_WORK TASK:_ Nothing but the lines from the one with "f=min(0.5*x-2*pow(sin(y),2),exp(y)); // Вызов" through the end of the records may appear in the answer, each reproduced exactly, pictures omitted.
#####
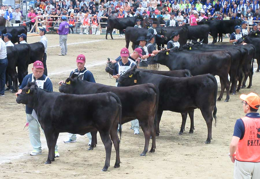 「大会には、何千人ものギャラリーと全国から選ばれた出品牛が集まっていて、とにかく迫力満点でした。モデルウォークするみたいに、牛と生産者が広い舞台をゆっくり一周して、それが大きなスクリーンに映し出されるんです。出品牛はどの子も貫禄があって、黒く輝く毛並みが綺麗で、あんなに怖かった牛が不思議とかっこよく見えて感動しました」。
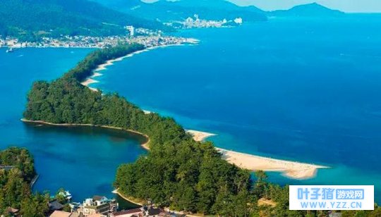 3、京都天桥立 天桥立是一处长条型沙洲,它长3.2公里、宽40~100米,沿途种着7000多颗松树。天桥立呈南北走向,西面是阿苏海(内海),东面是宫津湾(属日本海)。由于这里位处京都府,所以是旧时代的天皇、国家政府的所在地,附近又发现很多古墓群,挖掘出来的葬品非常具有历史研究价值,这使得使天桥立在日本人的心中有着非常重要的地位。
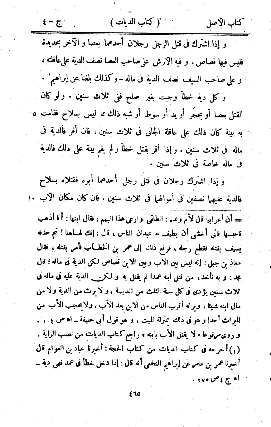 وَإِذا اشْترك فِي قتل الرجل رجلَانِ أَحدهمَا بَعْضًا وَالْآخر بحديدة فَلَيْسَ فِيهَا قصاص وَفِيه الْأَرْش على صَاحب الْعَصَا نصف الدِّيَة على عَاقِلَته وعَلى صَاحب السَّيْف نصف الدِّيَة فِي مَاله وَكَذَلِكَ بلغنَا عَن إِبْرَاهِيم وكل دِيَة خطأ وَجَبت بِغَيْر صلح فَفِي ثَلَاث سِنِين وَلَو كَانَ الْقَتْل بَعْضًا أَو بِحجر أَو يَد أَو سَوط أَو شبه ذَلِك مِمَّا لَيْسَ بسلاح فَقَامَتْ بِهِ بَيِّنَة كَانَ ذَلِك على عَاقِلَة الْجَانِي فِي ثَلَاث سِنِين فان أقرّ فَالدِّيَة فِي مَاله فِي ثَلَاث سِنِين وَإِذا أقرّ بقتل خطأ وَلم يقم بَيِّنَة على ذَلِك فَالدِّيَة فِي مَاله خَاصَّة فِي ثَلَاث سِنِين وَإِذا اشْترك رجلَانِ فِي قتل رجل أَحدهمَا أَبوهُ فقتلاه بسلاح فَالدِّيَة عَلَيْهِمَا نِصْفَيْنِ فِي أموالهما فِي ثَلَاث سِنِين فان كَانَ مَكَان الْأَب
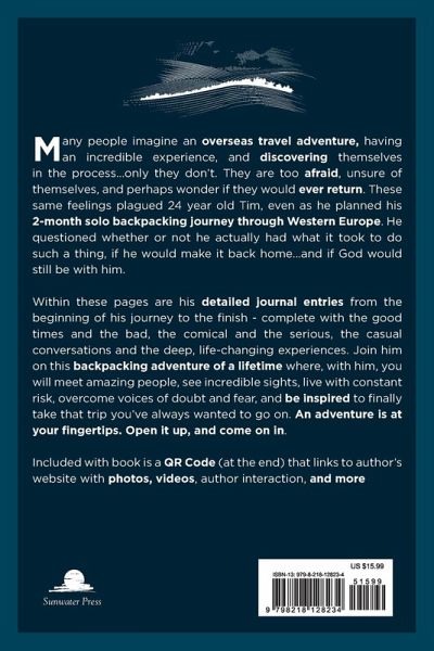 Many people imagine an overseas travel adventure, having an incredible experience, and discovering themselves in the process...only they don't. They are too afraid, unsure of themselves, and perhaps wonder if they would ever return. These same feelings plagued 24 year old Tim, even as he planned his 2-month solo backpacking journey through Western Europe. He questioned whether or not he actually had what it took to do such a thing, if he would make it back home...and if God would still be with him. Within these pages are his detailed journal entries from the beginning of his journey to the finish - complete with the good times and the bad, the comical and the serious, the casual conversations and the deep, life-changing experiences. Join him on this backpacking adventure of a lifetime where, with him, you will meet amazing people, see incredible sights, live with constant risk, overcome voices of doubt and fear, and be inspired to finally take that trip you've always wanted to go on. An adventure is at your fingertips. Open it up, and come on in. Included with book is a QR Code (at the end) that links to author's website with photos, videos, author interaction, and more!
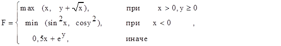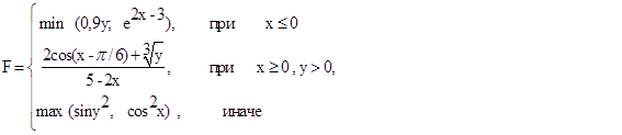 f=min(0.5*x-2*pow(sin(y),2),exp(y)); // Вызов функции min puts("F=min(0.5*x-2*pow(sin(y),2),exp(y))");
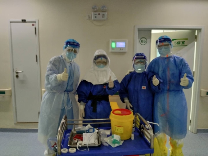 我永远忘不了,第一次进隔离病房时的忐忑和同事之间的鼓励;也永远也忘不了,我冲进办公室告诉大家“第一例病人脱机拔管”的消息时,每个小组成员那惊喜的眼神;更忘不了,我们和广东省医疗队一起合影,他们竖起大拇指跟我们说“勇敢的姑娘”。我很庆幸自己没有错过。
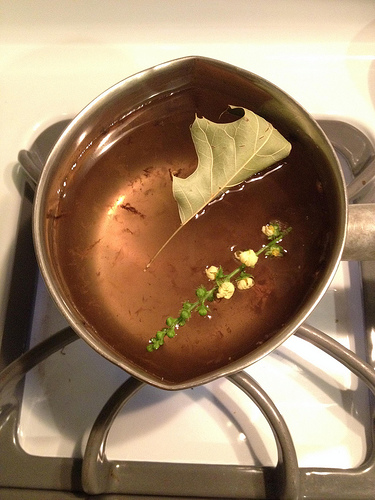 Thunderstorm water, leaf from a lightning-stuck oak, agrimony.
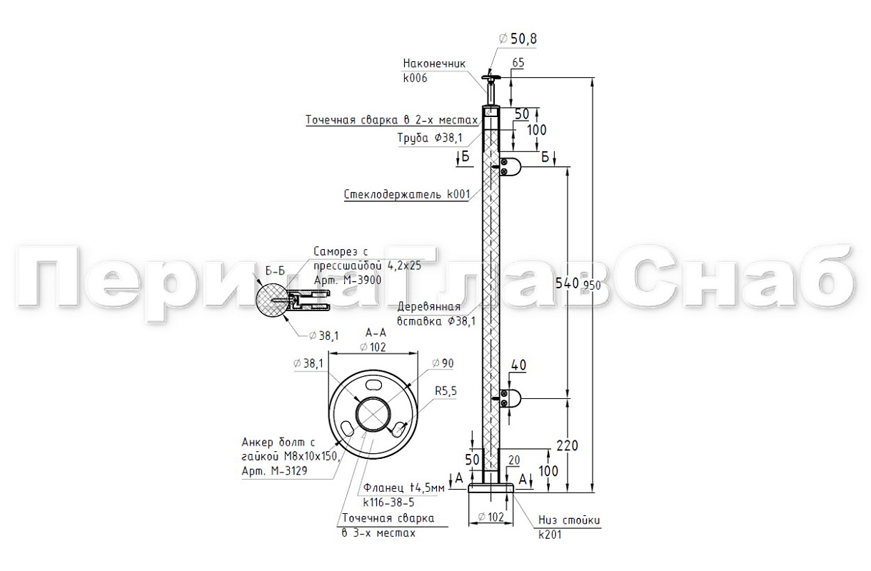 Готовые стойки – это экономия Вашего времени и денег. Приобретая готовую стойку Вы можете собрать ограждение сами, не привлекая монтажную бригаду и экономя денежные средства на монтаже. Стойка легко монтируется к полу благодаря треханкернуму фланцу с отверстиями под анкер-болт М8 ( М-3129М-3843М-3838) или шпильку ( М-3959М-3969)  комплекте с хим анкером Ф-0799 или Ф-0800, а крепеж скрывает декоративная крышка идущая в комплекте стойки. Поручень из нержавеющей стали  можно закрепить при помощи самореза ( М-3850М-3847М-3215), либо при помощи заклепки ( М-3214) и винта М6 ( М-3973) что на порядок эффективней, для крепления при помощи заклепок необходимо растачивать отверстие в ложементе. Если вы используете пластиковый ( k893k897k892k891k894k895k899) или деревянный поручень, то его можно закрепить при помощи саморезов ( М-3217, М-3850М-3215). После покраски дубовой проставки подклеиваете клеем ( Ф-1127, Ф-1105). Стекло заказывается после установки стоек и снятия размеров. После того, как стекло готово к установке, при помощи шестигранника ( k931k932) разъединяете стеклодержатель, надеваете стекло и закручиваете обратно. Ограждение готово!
#####
_RESPONSE BOX:_
 f=min(0.5*x-2*pow(sin(y),2),exp(y)); // Вызов функции min puts("F=min(0.5*x-2*pow(sin(y),2),exp(y))");
 我永远忘不了,第一次进隔离病房时的忐忑和同事之间的鼓励;也永远也忘不了,我冲进办公室告诉大家“第一例病人脱机拔管”的消息时,每个小组成员那惊喜的眼神;更忘不了,我们和广东省医疗队一起合影,他们竖起大拇指跟我们说“勇敢的姑娘”。我很庆幸自己没有错过。
 Thunderstorm water, leaf from a lightning-stuck oak, agrimony.
 Готовые стойки – это экономия Вашего времени и денег. Приобретая готовую стойку Вы можете собрать ограждение сами, не привлекая монтажную бригаду и экономя денежные средства на монтаже. Стойка легко монтируется к полу благодаря треханкернуму фланцу с отверстиями под анкер-болт М8 ( М-3129М-3843М-3838) или шпильку ( М-3959М-3969)  комплекте с хим анкером Ф-0799 или Ф-0800, а крепеж скрывает декоративная крышка идущая в комплекте стойки. Поручень из нержавеющей стали  можно закрепить при помощи самореза ( М-3850М-3847М-3215), либо при помощи заклепки ( М-3214) и винта М6 ( М-3973) что на порядок эффективней, для крепления при помощи заклепок необходимо растачивать отверстие в ложементе. Если вы используете пластиковый ( k893k897k892k891k894k895k899) или деревянный поручень, то его можно закрепить при помощи саморезов ( М-3217, М-3850М-3215). После покраски дубовой проставки подклеиваете клеем ( Ф-1127, Ф-1105). Стекло заказывается после установки стоек и снятия размеров. После того, как стекло готово к установке, при помощи шестигранника ( k931k932) разъединяете стеклодержатель, надеваете стекло и закручиваете обратно. Ограждение готово!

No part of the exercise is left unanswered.